# Correlation and Covariance

**Correlation** and **Covariance** are statistical measures that describe the relationship between two variables.

## Covariance
Covariance measures the direction of the linear relationship between two variables.
$$Cov(X, Y) = \frac{\sum (x_i - \bar{x})(y_i - \bar{y})}{n-1}$$

*   **Positive Covariance:** As $X$ increases, $Y$ tends to increase.
*   **Negative Covariance:** As $X$ increases, $Y$ tends to decrease.
*   **Zero Covariance:** No linear relationship.

**Problem:** The magnitude depends on the units of the variables, making it hard to interpret.

## Correlation (Pearson's Correlation Coefficient)
Correlation is the standardized version of covariance, ranging from -1 to +1.
$$r = \frac{Cov(X, Y)}{\sigma_X \sigma_Y}$$

*   **$r = +1$:** Perfect positive linear relationship.
*   **$r = -1$:** Perfect negative linear relationship.
*   **$r = 0$:** No linear relationship.
*   **$0 < |r| < 0.3$:** Weak correlation.
*   **$0.3 \le |r| < 0.7$:** Moderate correlation.
*   **$|r| \ge 0.7$:** Strong correlation.

## Key Difference
*   **Covariance:** Direction of relationship (unit-dependent).
*   **Correlation:** Direction **and** strength (unit-free, standardized).

In [None]:
import numpy as np
import matplotlib.pyplot as plt
import seaborn as sns

# Generate sample data
np.random.seed(42)
x = np.arange(0, 50)
y_positive = x + np.random.normal(0, 5, 50)  # Positive correlation
y_negative = -x + np.random.normal(0, 5, 50)  # Negative correlation
y_no_corr = np.random.normal(25, 10, 50)  # No correlation

# Calculate Covariance and Correlation
cov_pos = np.cov(x, y_positive)[0, 1]
corr_pos = np.corrcoef(x, y_positive)[0, 1]

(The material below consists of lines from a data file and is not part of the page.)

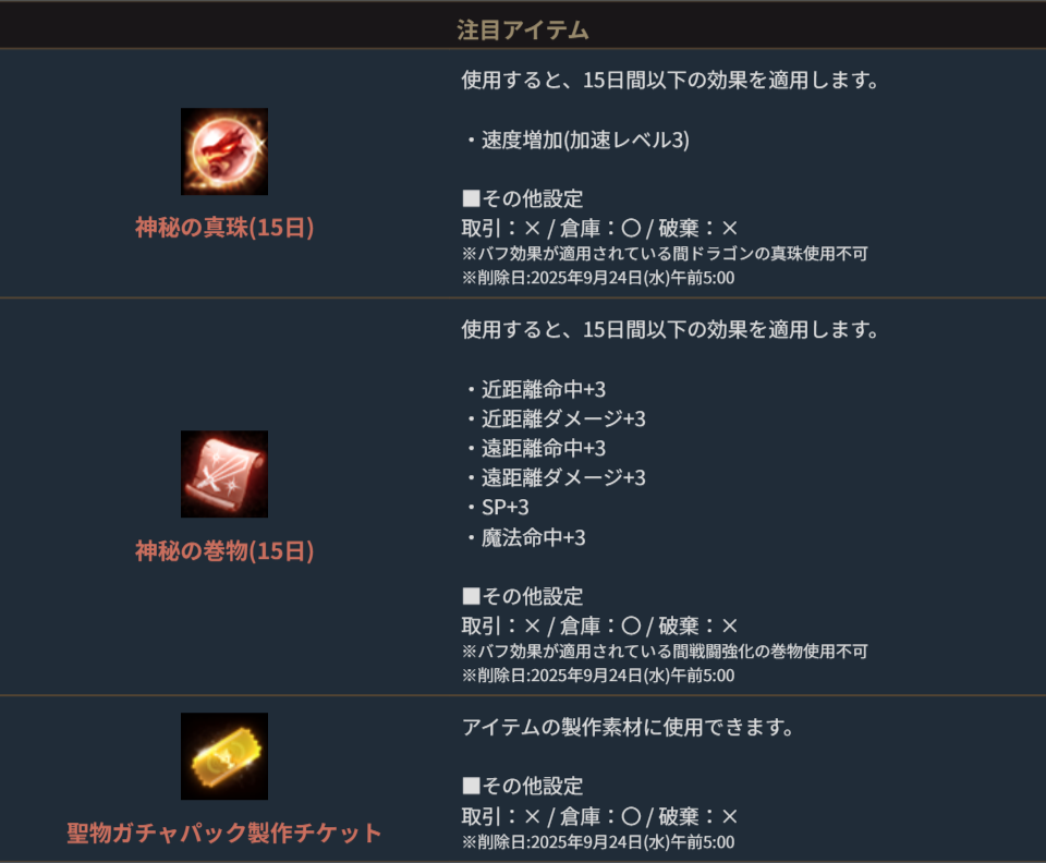 ※一部アイテムが期間終了後も未使用の場合、一定期間が経過すると自動で削除されます。詳しくは各アイテムの詳細をご確認ください。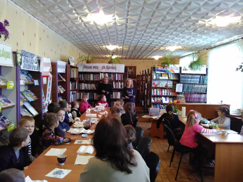 Перед початком майстер-класу діти у віршованій формі привітали весь колектив бібліотеки та ще особливим подарунком листівкою виконаною своїми руками.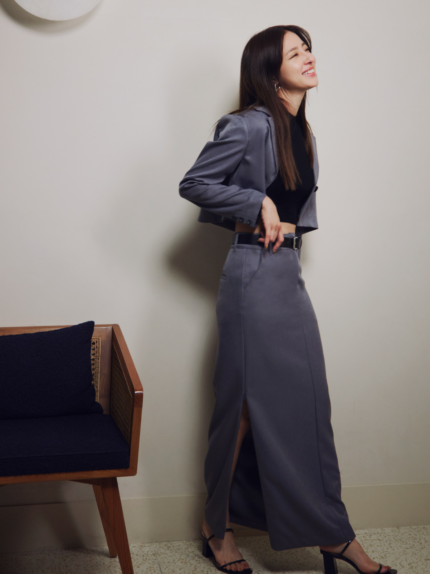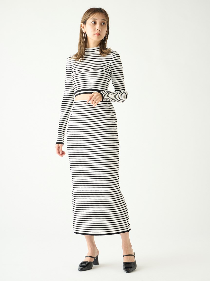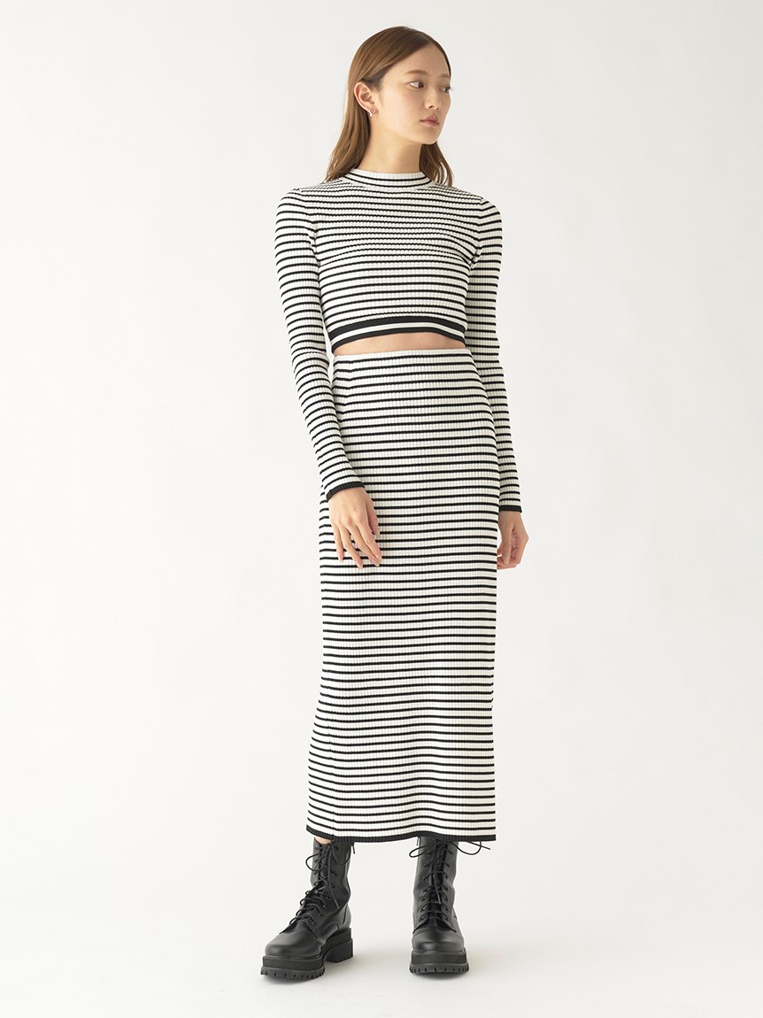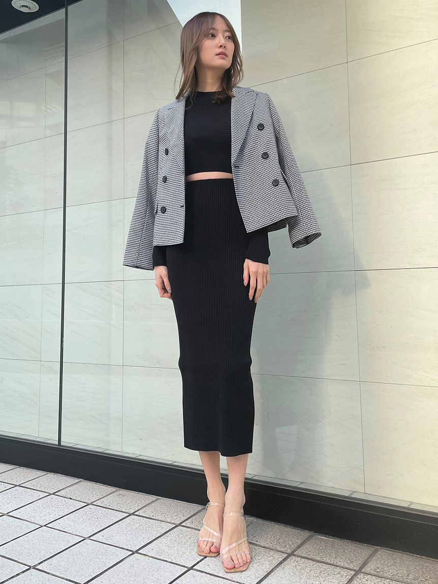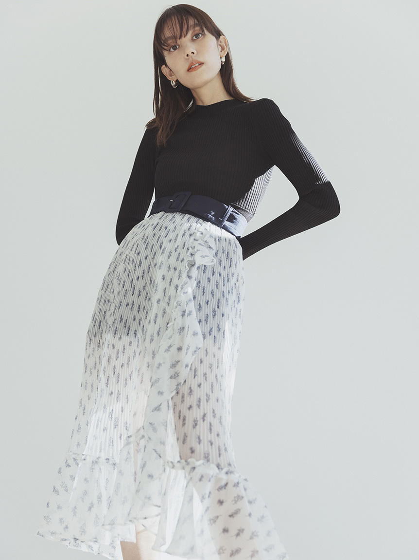 クロップド丈に仕立てトレンド感を押さえたリブニットプルオーバー。裾部分のみ横編みにすることでシンプルな中にもさり気なくアクセントをプラスしています。ボディラインにフィットするコンパクトなシルエットが女性らしさを感じさせる秘訣。パンツともスカートとも合わせやすく、レイヤードのインナーとしても活用できるので、スタイリングの幅はぐっと広がります。同素材でスカート(SWNS231183)もご用意があるのでセットアップでも着用可能です。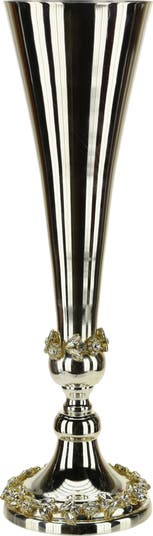 The Mark Roberts Jeweled Fluted Silver Base 16.5" features an elegant fluted silhouette finished in a luminous silver tone for a refined, upscale look. Sparkling jeweled accents add dimension and sophistication, making it a striking decorative accent on its own or paired with seasonal décor. Perfect for tabletops, mantels, or displays, this piece brings timeless glamour to any space.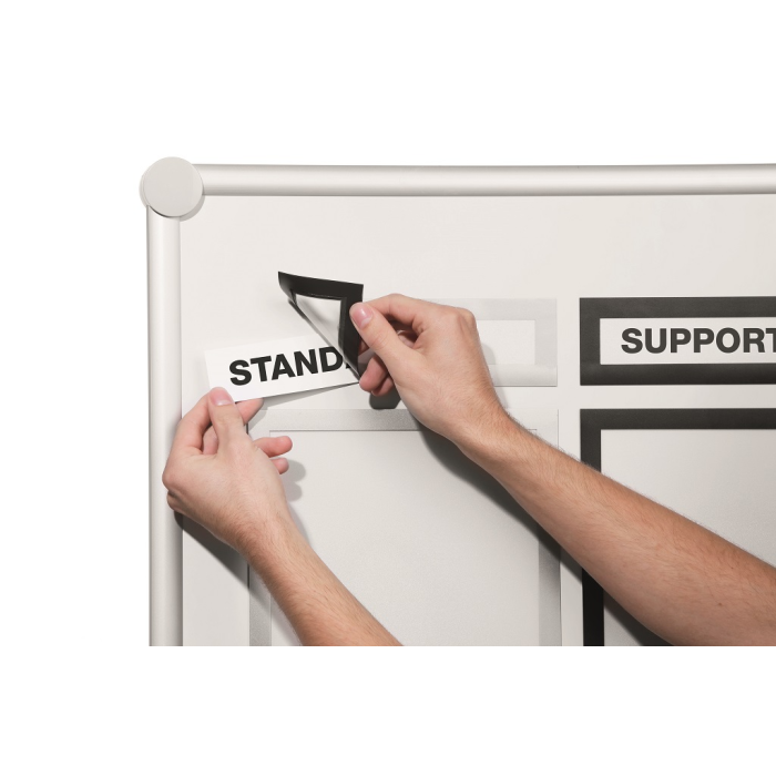Informačný panel na titulky štruktúr informačných materiálov s magnetickou časťou na zadnej strane rámika na jednoduché a rýchle vkladanie informácie. Vonkajšie rozmery 236 × 66 mm, list na potlačenie 210 × 40 mm. Vhodný na hladké magnetické povrchy, napr. magnetickú tabuľu. Farba strieborná. Balenie 5 ks.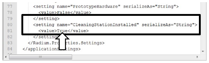 In the <applicationSettings> section of the file, set the value of the "CleaningStationInstalled" variable for <setting name> to True.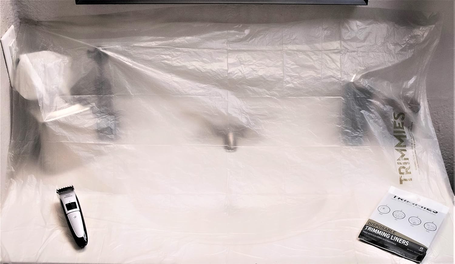 - Ditch the bibs and get Trimmies: unlike beard bibs, not only can Trimmies be used on the bathroom counter, but also on the floor for body grooming and manscaping, or for keeping a clean vanity for the ladies when applying makeup.

cov_neg = np.cov(x, y_negative)[0, 1]
corr_neg = np.corrcoef(x, y_negative)[0, 1]

cov_no = np.cov(x, y_no_corr)[0, 1]
corr_no = np.corrcoef(x, y_no_corr)[0, 1]

# Visualization
plt.figure(figsize=(15, 5))

plt.subplot(1, 3, 1)
plt.scatter(x, y_positive, alpha=0.6)
plt.title(f"Positive Correlation\nCorr={corr_pos:.2f}, Cov={cov_pos:.2f}")
plt.xlabel("X")
plt.ylabel("Y")
plt.grid(True, alpha=0.3)

plt.subplot(1, 3, 2)
plt.scatter(x, y_negative, alpha=0.6, color='red')
plt.title(f"Negative Correlation\nCorr={corr_neg:.2f}, Cov={cov_neg:.2f}")
plt.xlabel("X")
plt.ylabel("Y")
plt.grid(True, alpha=0.3)

plt.subplot(1, 3, 3)
plt.scatter(x, y_no_corr, alpha=0.6, color='green')
plt.title(f"No Correlation\nCorr={corr_no:.2f}, Cov={cov_no:.2f}")
plt.xlabel("X")
plt.ylabel("Y")
plt.grid(True, alpha=0.3)

plt.tight_layout()
plt.show()